Information shown:
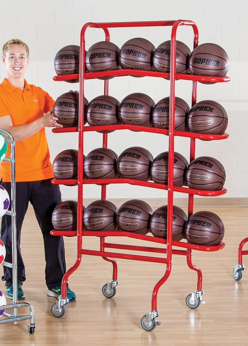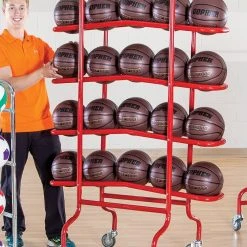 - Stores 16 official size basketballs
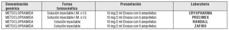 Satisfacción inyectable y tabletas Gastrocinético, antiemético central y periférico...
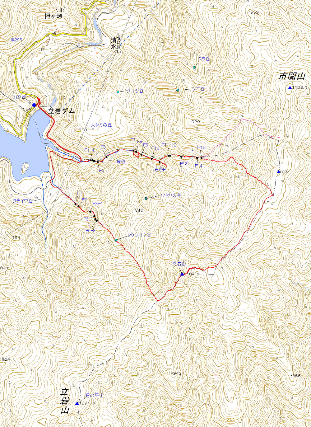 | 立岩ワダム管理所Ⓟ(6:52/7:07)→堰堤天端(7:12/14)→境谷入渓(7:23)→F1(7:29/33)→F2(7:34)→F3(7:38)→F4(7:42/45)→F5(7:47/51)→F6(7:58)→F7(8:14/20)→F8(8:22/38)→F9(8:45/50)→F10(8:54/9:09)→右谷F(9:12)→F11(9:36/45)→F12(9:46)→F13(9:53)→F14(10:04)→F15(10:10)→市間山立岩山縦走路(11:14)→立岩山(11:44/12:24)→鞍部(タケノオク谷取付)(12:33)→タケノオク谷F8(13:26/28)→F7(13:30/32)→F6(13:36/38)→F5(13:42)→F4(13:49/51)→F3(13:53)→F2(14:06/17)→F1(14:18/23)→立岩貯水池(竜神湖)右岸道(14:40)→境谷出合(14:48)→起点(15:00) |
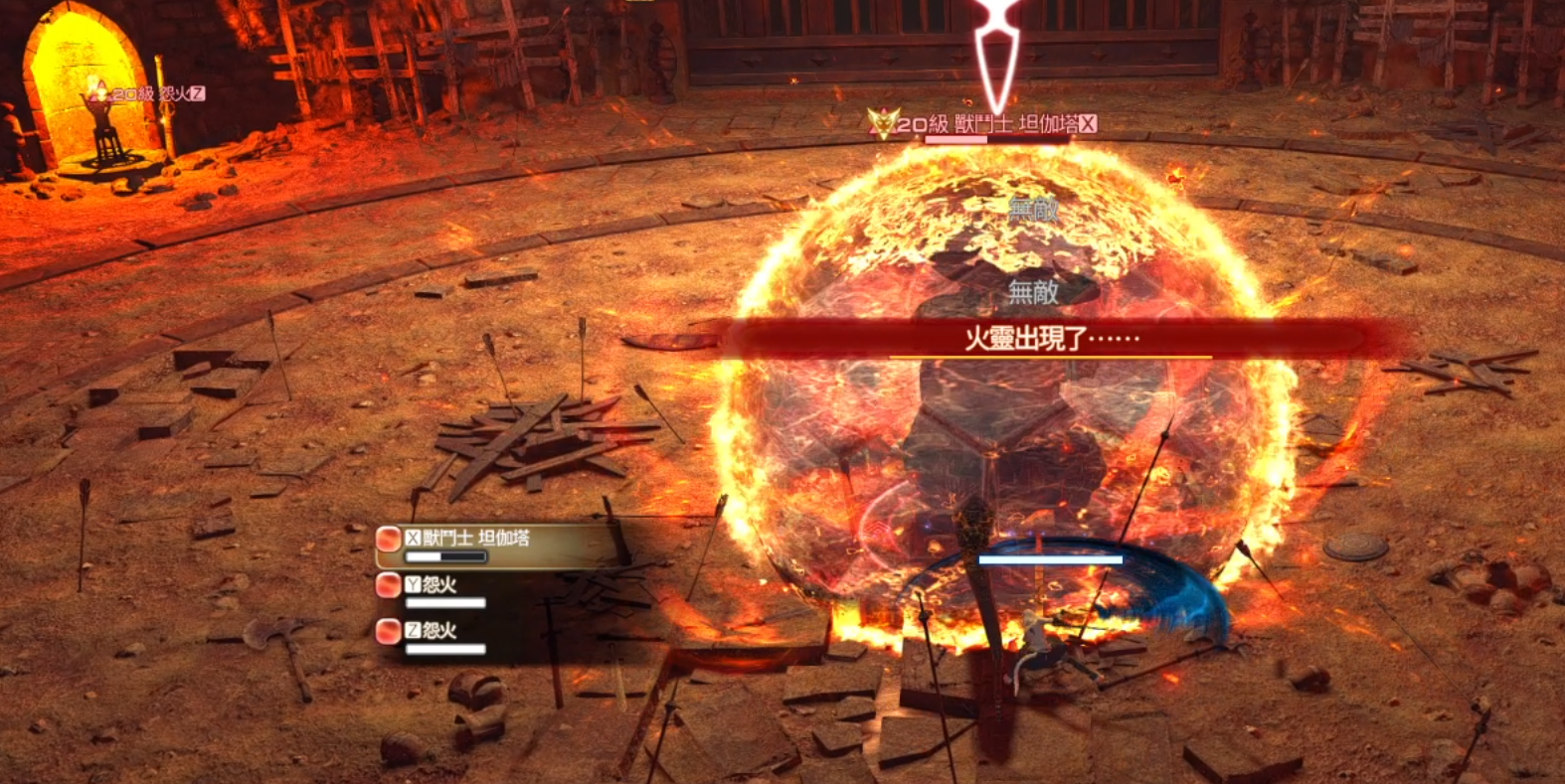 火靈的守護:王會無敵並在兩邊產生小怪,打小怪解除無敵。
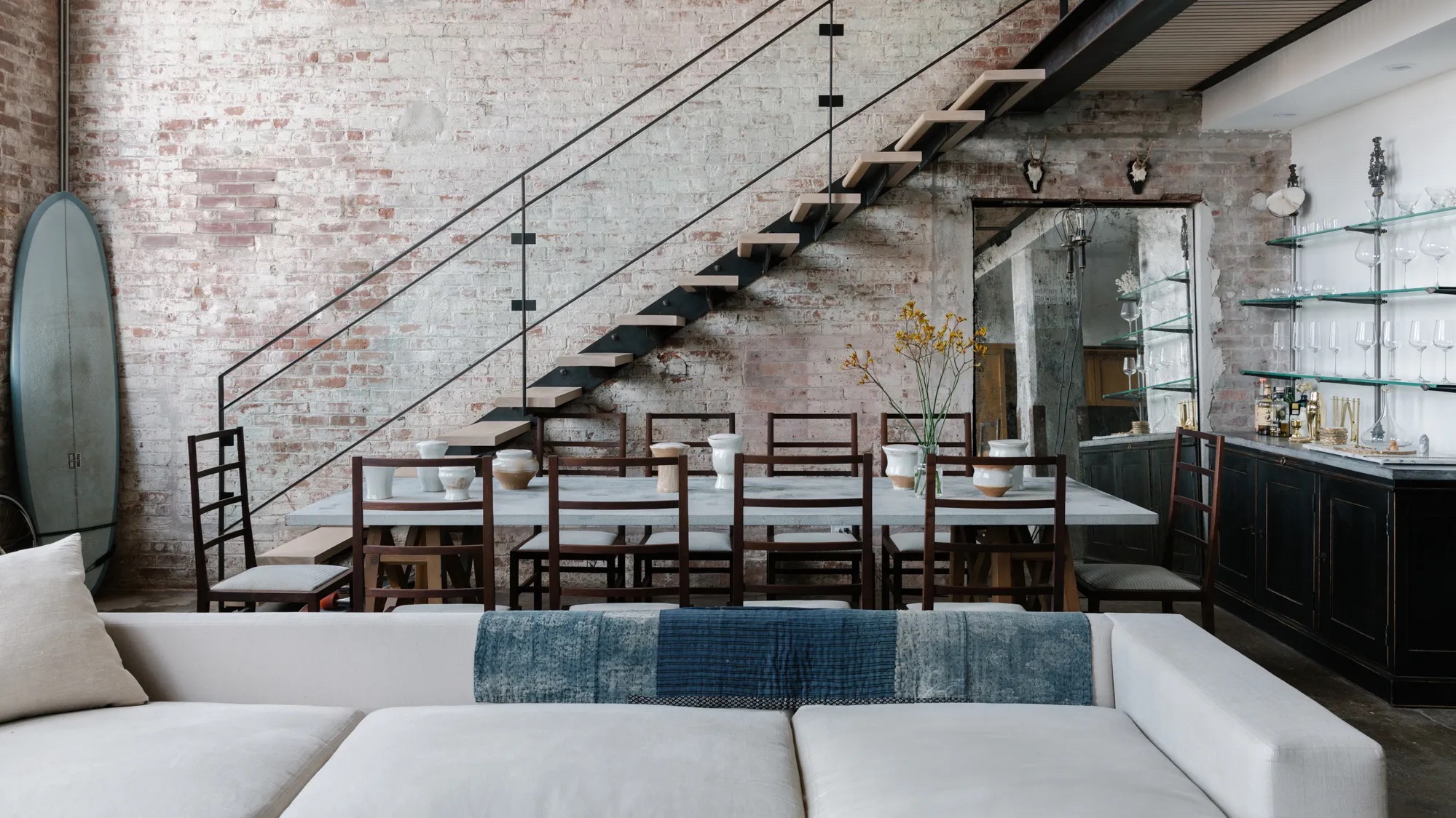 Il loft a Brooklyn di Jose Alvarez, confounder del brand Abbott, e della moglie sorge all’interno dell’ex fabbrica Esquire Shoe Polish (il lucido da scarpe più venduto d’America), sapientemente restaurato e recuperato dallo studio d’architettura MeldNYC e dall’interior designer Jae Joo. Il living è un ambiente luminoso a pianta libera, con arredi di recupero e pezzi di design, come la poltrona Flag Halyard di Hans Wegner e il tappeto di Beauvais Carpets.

Task statement:
Give back, unaltered, each line of the listing from the first to the line that contains "Satisfacción inyectable y", leaving every picture out.

Solution to the problem:
 - Stores 16 official size basketballs
 Satisfacción inyectable y tabletas Gastrocinético, antiemético central y periférico...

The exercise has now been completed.